It is just possible that I am getting a life outside of Profound Stress/Teenagers/Correctional Systems. I hardly know how to conduct myself. Actually, my life still involves daily doses of the above mentioned high-points, it's more that I'm kind of over all the drama associated with it. I've decided to move on. It's like a mid-life crisis in reverse. I've decided to carpe a bit of diem, and possibly lose some weight. Really. It's self-centered in a very healthy way.
On of the most cumbersome effects of Profound Stress in my life is a double digit dress size, which I have spent the past three years ignoring. No more. I have acquired one of those step counter things which I delight to obsess over. I'm eating nuts and fruit and egg whites. I'm lifting weights and seriously dating my treadmill. I'm annoying myself with my single-mindedness. It is, however, bearing fruit. I no longer have time to think about my parenting failures, and I'm back into single digits.

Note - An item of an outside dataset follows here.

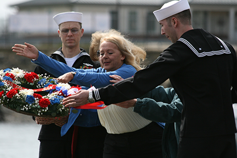 This year's wreath layers are family member of Julius Francis Marullo, Jr., QM1(SS), USS Thresher (SSN 593)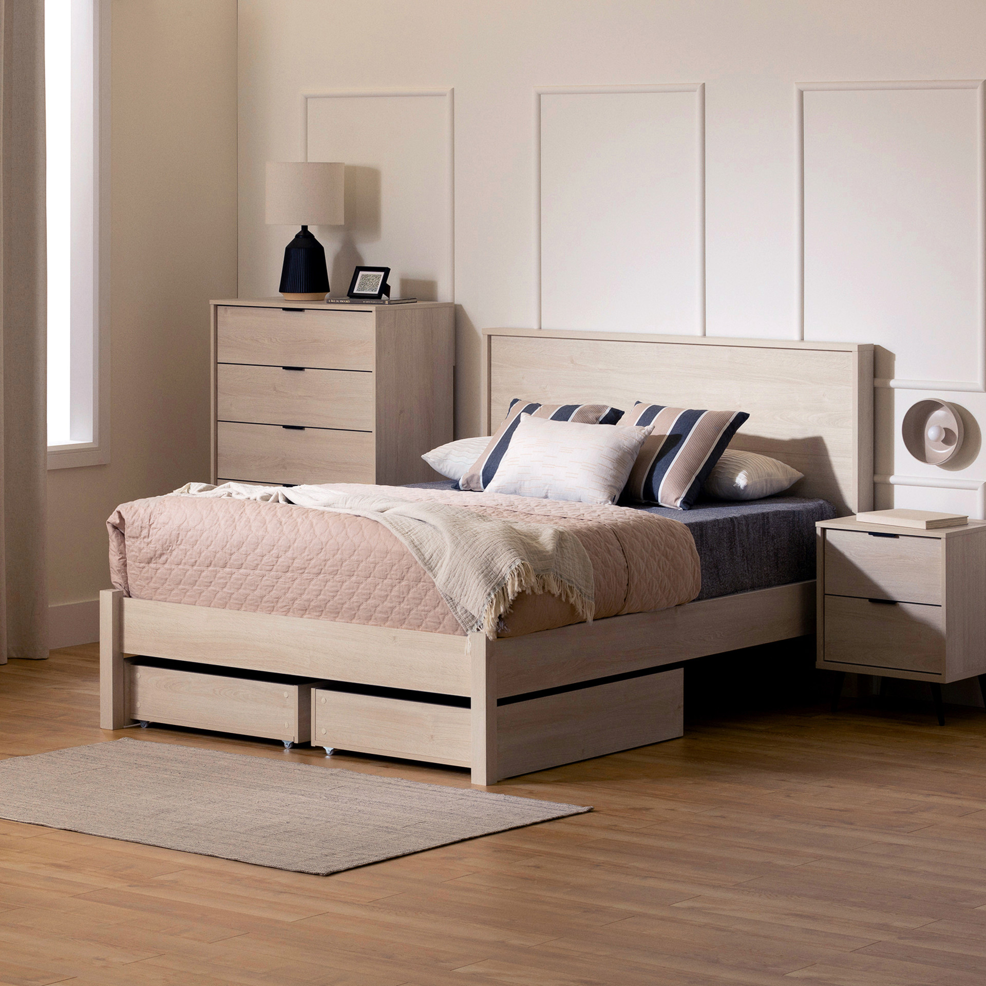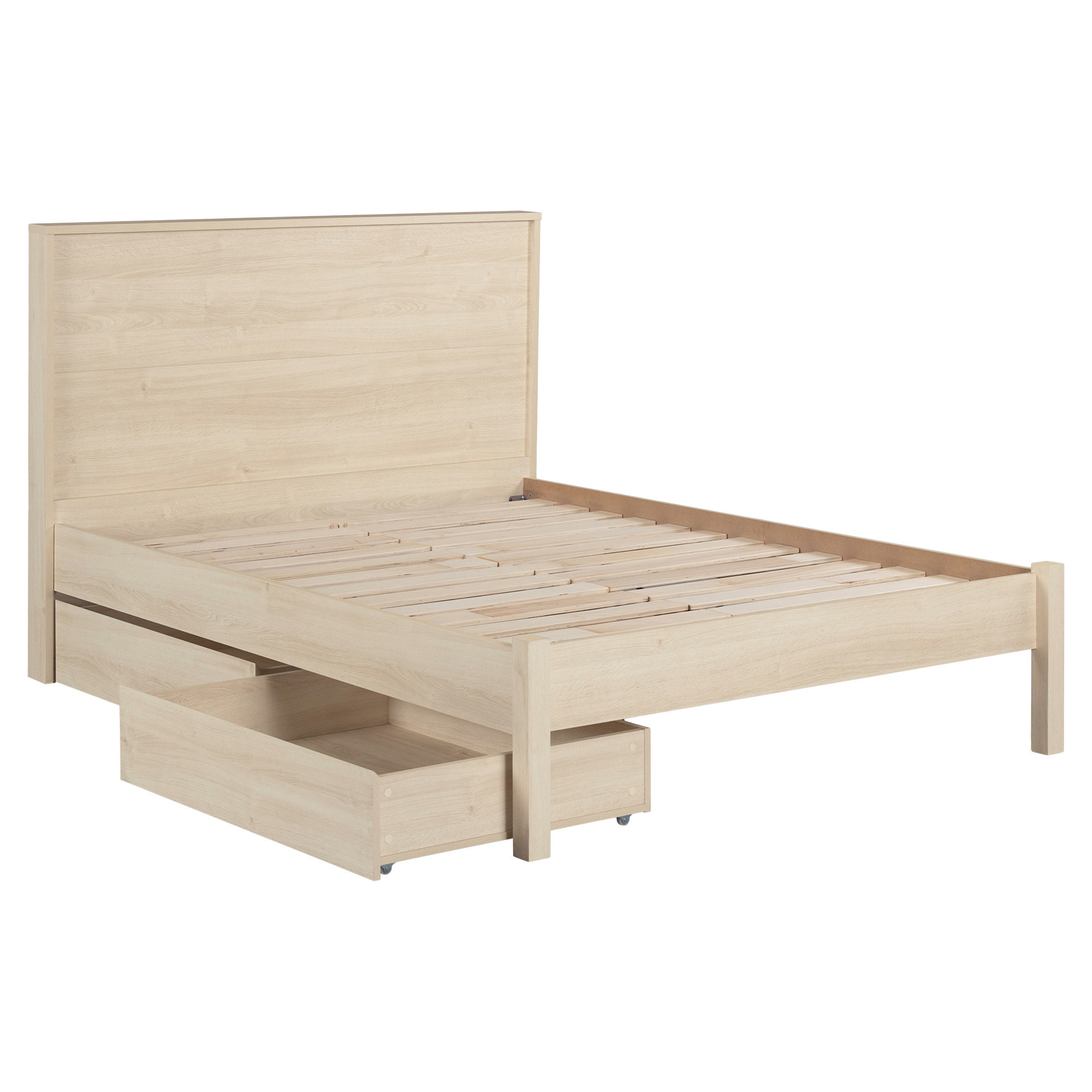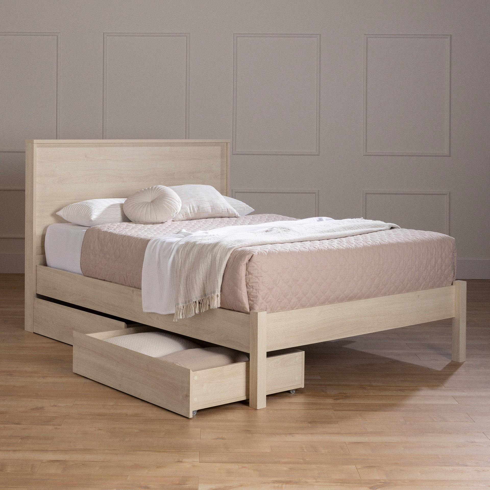 The two drawers on casters offer a flexible and easy-to-access storage solution, perfect for seasonal clothes or extra bedding. They can be placed on either side of the bed according to your needs, allowing you to keep a tidy room while optimizing available space.

The teenagers remain in a constant state of impending rebellion. To cope, I just clean up after them, tell them not to smoke in the house, and shut down WiFi from time to time to send them into confusion. It's very diverting. I was about to begin this sentence by assuring you that it's not really that bad, but then you would know I was lying.
My oldest should be out of prison soon. Gosh, I hope so. He's doing great, as a matter of fact. This year in the slammer has been a Come-To-Jesus in every sense, and he's grown up a lot. Growing up in prison is not ideal, but I suspect his life there is not any more difficult than life will be fore him once he gets out.
Don is home and working; managing to stay sober. One day at a time, baby. He's got a heart of gold, and struggles that are bigger than anything I've ever had to contend with. All I can really do is cheer him on and hope he makes the right choices going forward.
Faline is a senior in high school, and I really can't complain too much there. She has a whole teenage-girl-thing going on, and she is kind of a messy pig, but she hasn't been arrested or done anything particularly egregious yet. I'm pretty excited about that.
Aaron was my favorite all day today, though I remind him that the position is constantly shifting. He'll have to strive to maintain it. He's motivated by that kind of thing.
Tim and I took off for an over night trip to the beautiful and exotic town of Grangeville, Idaho, last weekend. I should have taken pictures. It's a small town: picture Mayberry, but with more Camo. We planned this romantic get-a-way as a byproduct of a visit to Michael in his mountaintop prison. Lovely visit with him, by-the-way. So, Tim and I stayed in a tiny hotel which I really expected to have coin operated beds (remember those?) They must have been removed when the hotel was updated sometime in the late 70's. It really wasn't so bad, just very very basic as romantic weekends go. We went out to dinner at the local Fine Dining Establishment, where everything on the menu was breaded, fried, or swimming in sauce. I ate most of a salad. One of my favorite things about Tim, though, is that he is game for an adventure. Now, I'm not saying that we would dash off there again without such provocation as a child in prison, but if we have to go back, we know how to have a good time.
See, I'm coping! I'm making sleep a priority, exercising my sense of humor, and eliminating unwanted girth. My husband and I are having fun, the kids are having independence, and Fall is in the air. I may survive this.